Göz teması örneğine geri dönelim. Kültürel tercihleri, kişilik özellikleriyle karıştırma eğilimi vardır. Asya kültüründe doğrudan göz teması kuran kişi kaba ve korkutucu olarak algılanabilir mi? Bir Avustralyalıya bilinçli olarak kısa bir bakış atan kişi yalancı veya özgüveni olmayan biri olarak görülebilir mi?
Kültürel olarak karmaşık durumlarla yüzleşmek için uluslararası bir görev alanına sahip olmanız gerekmez. Avustralya’nın yerli nüfusu, dünyadaki kültürel ve dilsel olarak en çeşitli olanlardan biridir. Bir göçmen ülkesi olan Avustralya’nın halkı 190’dan fazla ulustan geliyor ve ulusun yüzde 75’inden fazlası Avustralya dışında bir soyla özdeşleşiyor.

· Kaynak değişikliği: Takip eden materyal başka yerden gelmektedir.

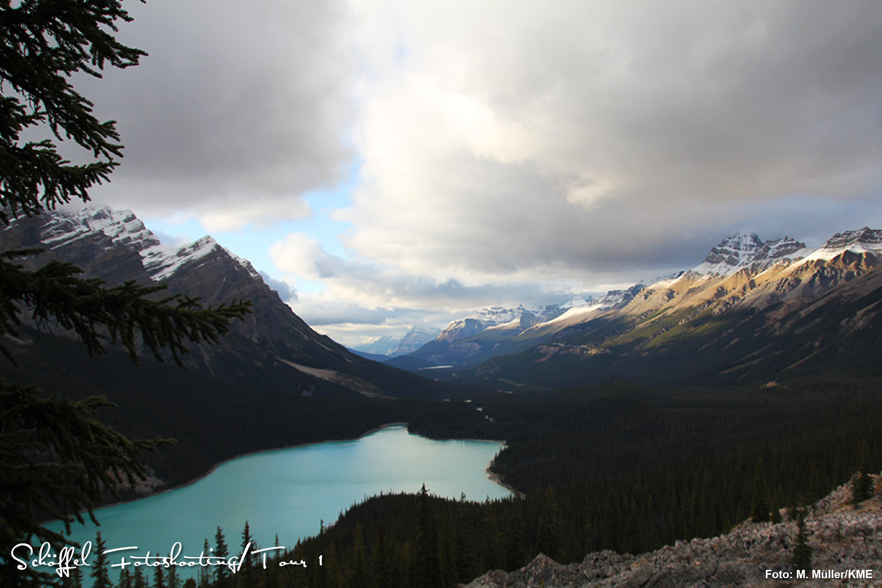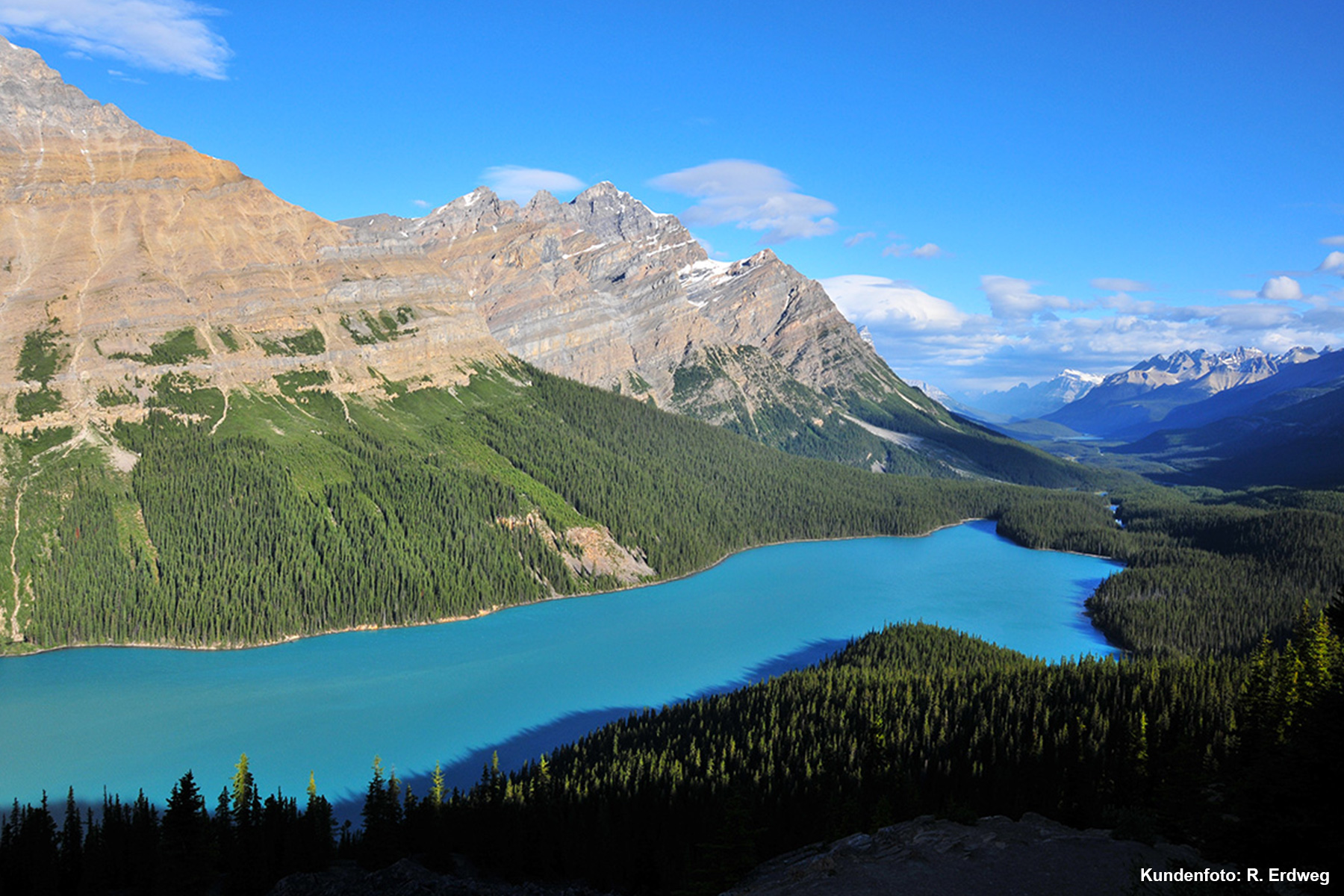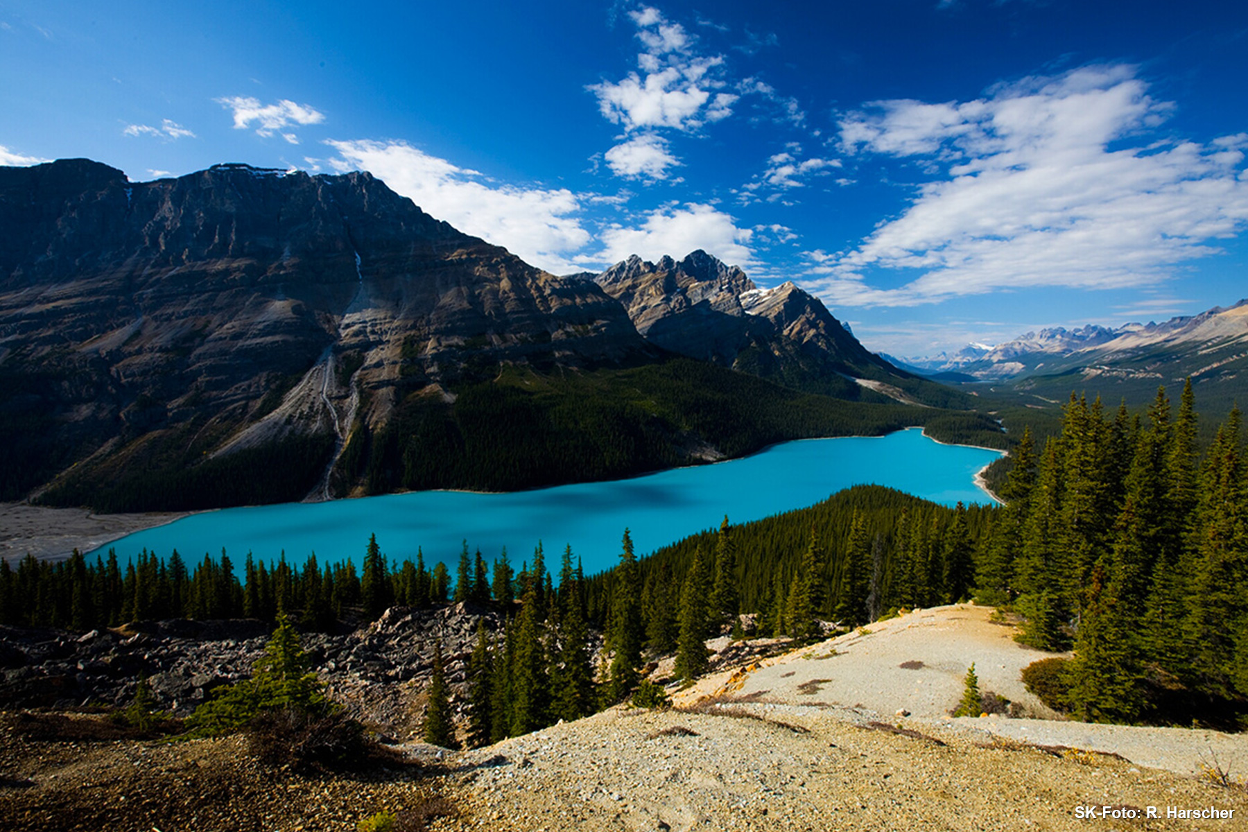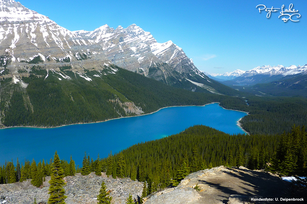 Ja, der Peyto Lake im Banff National Park ist wirklich so blau! Und er gehört natürlich zu den schönsten Fotomotiven in den kanadischen Rocky Mountains! Wir haben ihn zu jeder Tages- und Jahreszeit besucht und dürfen dafür getrost die Hand ins Feuer legen. Der nach dem frühen Trapper und Wildnisführer-Pionier Bill Peyto benannte See liegt 40 Kilometer nördlich von Lake Louise am berühmten Icefields Parkway. Er ist 2,8 Kilometer lang, bis zu 800 Meter breit und ist umgeben von majestätischen Gipfeln mit dunkelgrünen Waldhängen. Aufgrund der Lage auf 1880 Metern Höhe, ist auch im Frühsommer noch mit Eis auf dem Wasser zu rechnen. Das herrliche Blau stammt vom glazialen Gesteinsmehl, das vom Peyto-Gletscher in den See fließt. Den besten Blick hat man vom Bow Summit, den man vom Parkplatz aus in wenigen Gehminuten erreicht. Unser Tipp: Wer mit dem Hammer-Panorama allein sein möchte, sollte so früh wie möglich vor Ort sein!

Kültürel anlatılarımız, çocuklukta, toplumda deneyimlediğimiz çok sayıda öğreti katmanından şekillenmeye başlar. Maruz kaldığımız toplumların normlarını öğreniriz ve bu öğrenilen fikirler kişisel değer sistemimizin ayrılmaz bir parçası olur. Kültürler arasında farklı geçmişlere sahip insanlarla bağlantı kurmak için öncelikle kendi dünya merceğimizi şekillendiren değerleri anlamamız gerekir.